Schüler*innen des Lienzer Gymnasiums unterstützen Amphibienprojekt an der Isel
Im Rahmen eines Interreg-Projektes wurden an der Isel drei neue Tümpel errichtet. Die Schüler*innen halfen mit, die Bereiche mit Sträuchern zu bepflanzen.
Welche Amphibienarten gibt es überhaupt in Osttirol? Und warum hat man gerade hier an der Isel Amphibientümpel angelegt? Diese und ähnliche Fragen stellten die Schüler*innen der 4D-Klasse des BG/BRG Lienz an Ing. Mag. Sara Weiß, Amphibienexpertin der Firma REVITAL, am 17. Mai bei einer Exkursion zu den neu angelegten Amphibientümpeln am Iseltrail bei Oberlienz.
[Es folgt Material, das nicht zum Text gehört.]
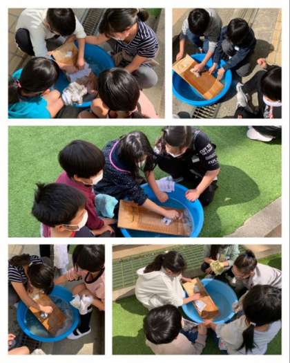3年は、社会科の学習で洗濯板を使って昔の洗濯を体験しました。洗濯の大変さを実感しました。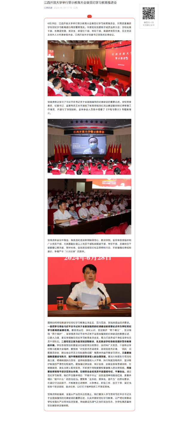 6月28日,英国上市365官网举行警示教育大会暨党纪学习教育推进会,对高质量推进学校党纪学习教育进行再部署再落实。在家的校党委班子成员出席大会;学校处级干部,各基层党委、党总支、新提任干部、年轻干部、离退休党员代表、民主党派及党外人士代表参加大会。英国上市365官网党委书记贺瑞虎主持会议。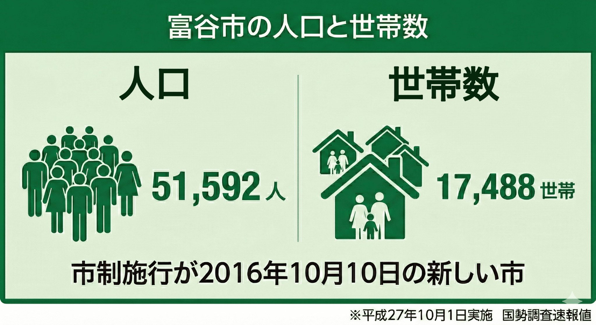 街の規模感は、生活の混み具合や、子育て環境のイメージに直結します。富谷市は市制施行が2016年10月10日で、比較的新しい市です。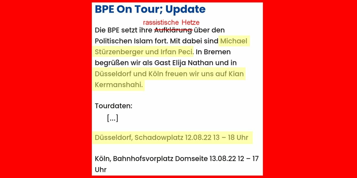 Die rassistische "Bürgerbewegung PAX EUROPA" (#noBPE) des Hetzers Michael #Stürzenberger ist auf Tour.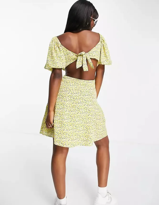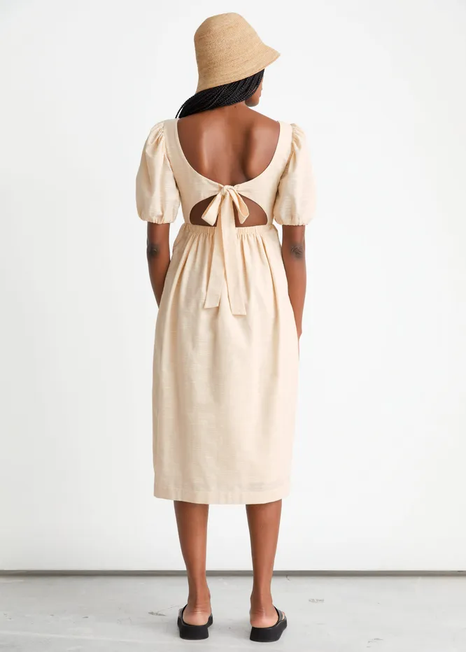 Стильное решение на каждый день — нежное чайное платье с квадратным вырезом на спине. Можно носить его с белыми кедами или яркими мюли.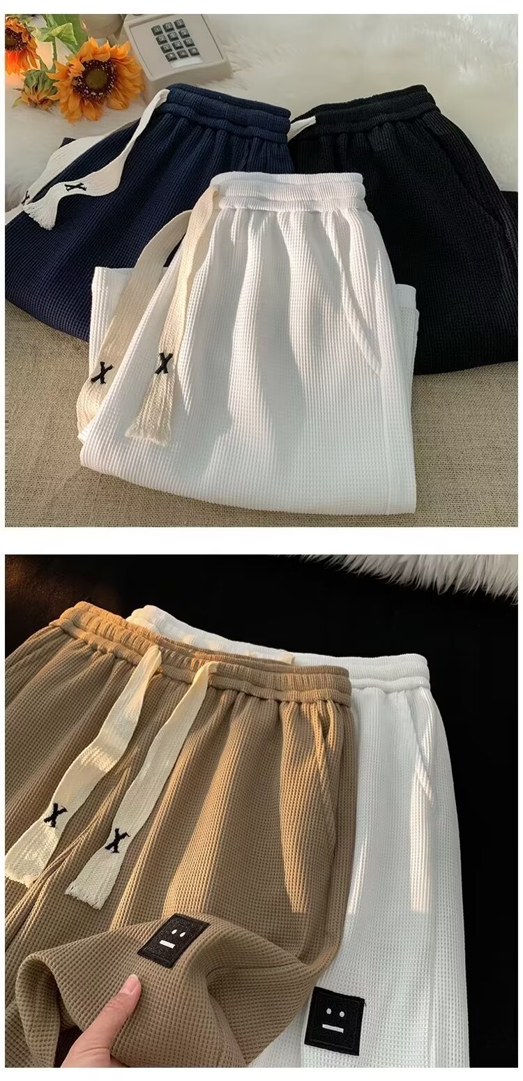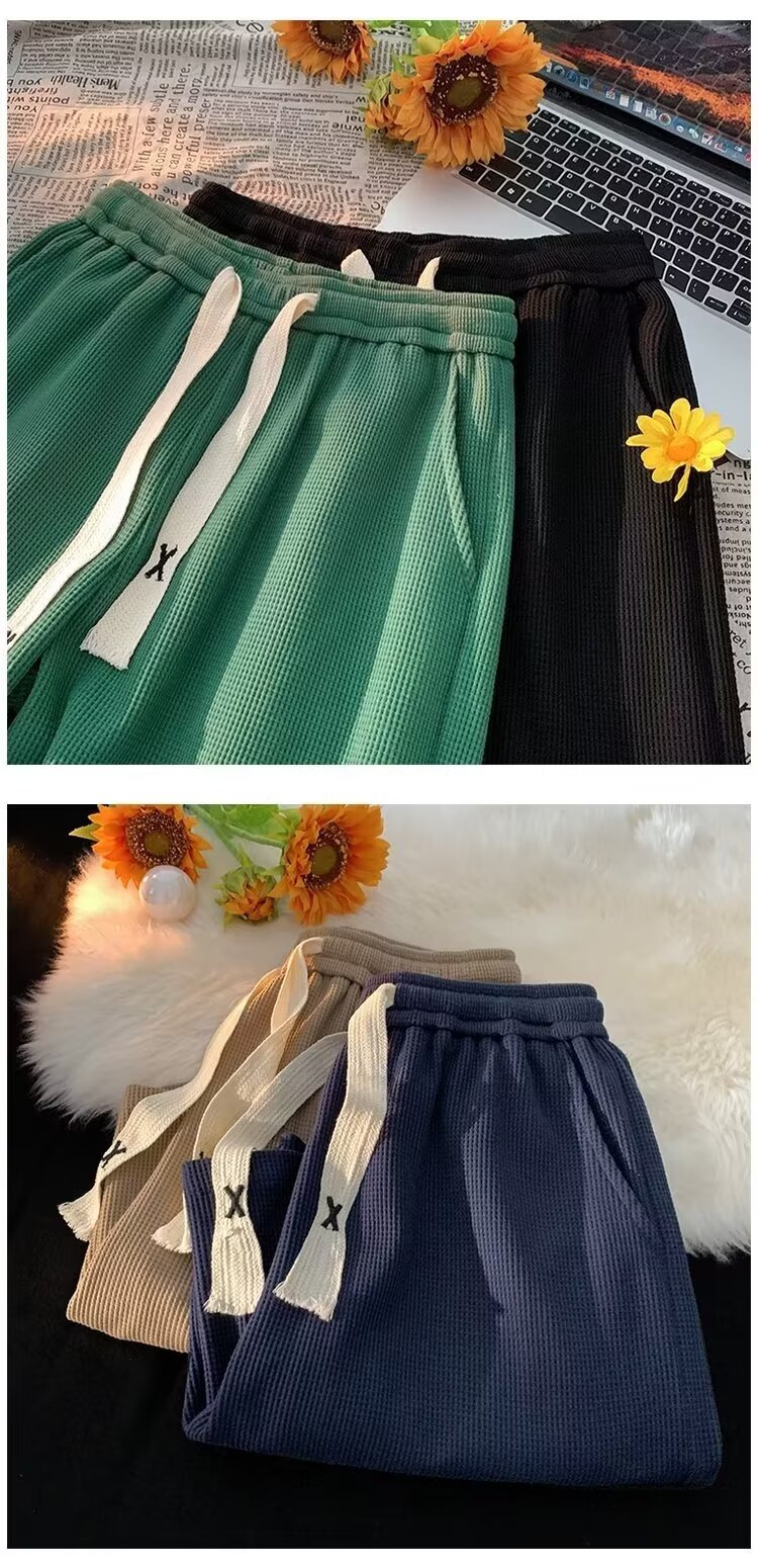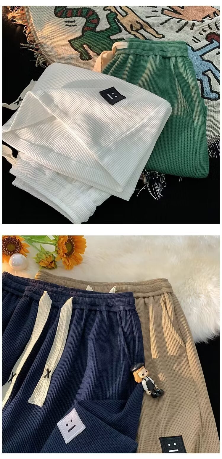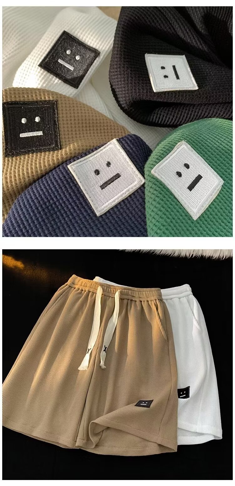 남성용 크로스보더 와플 반바지, 여름용 얇은 비치 팬츠, 러닝 스포츠 팬츠, 남성용 루즈 캐주얼 5부 팬츠

Die Jugendlichen erfuhren dabei, dass alle in Tirol vorkommenden Amphibienarten gefährdet oder sogar vom Aussterben bedroht sind und man mit diesem Projekt die Amphibienpopulation an der Isel fördern will.

„Früher, als die Isel noch nicht reguliert war und öfter über die Ufer getreten ist, sind solche Tümpel immer wieder von Natur aus entstanden”, erklärte Sara Weiß. Heute muss man etwas nachhelfen, und so wurden im Rahmen eines vom RMO Lienz koordinierten „Dolomiti-Live“-Interreg-Projektes unter dem Titel „Feuchtgebiete“ drei neue Tümpel errichtet.

„Bei der Besichtigung der Tümpel konnten die Schüler*innen feststellen, dass sich bereits Bergmolche, Grasfrösche und Erdkröten angesiedelt hatten. Es wäre aber schön, wenn sich auch die stark gefährdete Gelbbauchunke hier wieder einfinden würde“, erklärte Lehrerin Mag. Renate Hölzl. Um Deckungsmöglichkeiten für die Amphibien zu schaffen, halfen die Schüler*innen fleißig mit, die Teiche mit verschiedenen Sträuchern zu bepflanzen.

„Am Ende des Projekt-Vormittages besuchten uns auch einige der Projektverantwortlichen vor Ort. Otto Trauner vom TVBO, DI Walter Hopfgartner von der Abt. Wasserwirtschaft des BBA Lienz und Alfred Weber, Verantwortlicher des Öffentlichen Wassergutes vom Land Tirol, konnten sich ein Bild von der engagierten Arbeit der Schüler*innen machen. Im Namen des Gym Lienz bedanken wir uns bei allen Verantwortlichen für die Umsetzung und Betreuung dieses tollen Projektes. Mit den Schüler*innen des Laborzweiges werden wir gerne die weitere Entwicklung der Amphibientümpel beobachten und so das geplante Citizen-Science-Monitoring unterstützen“, so Hölzl.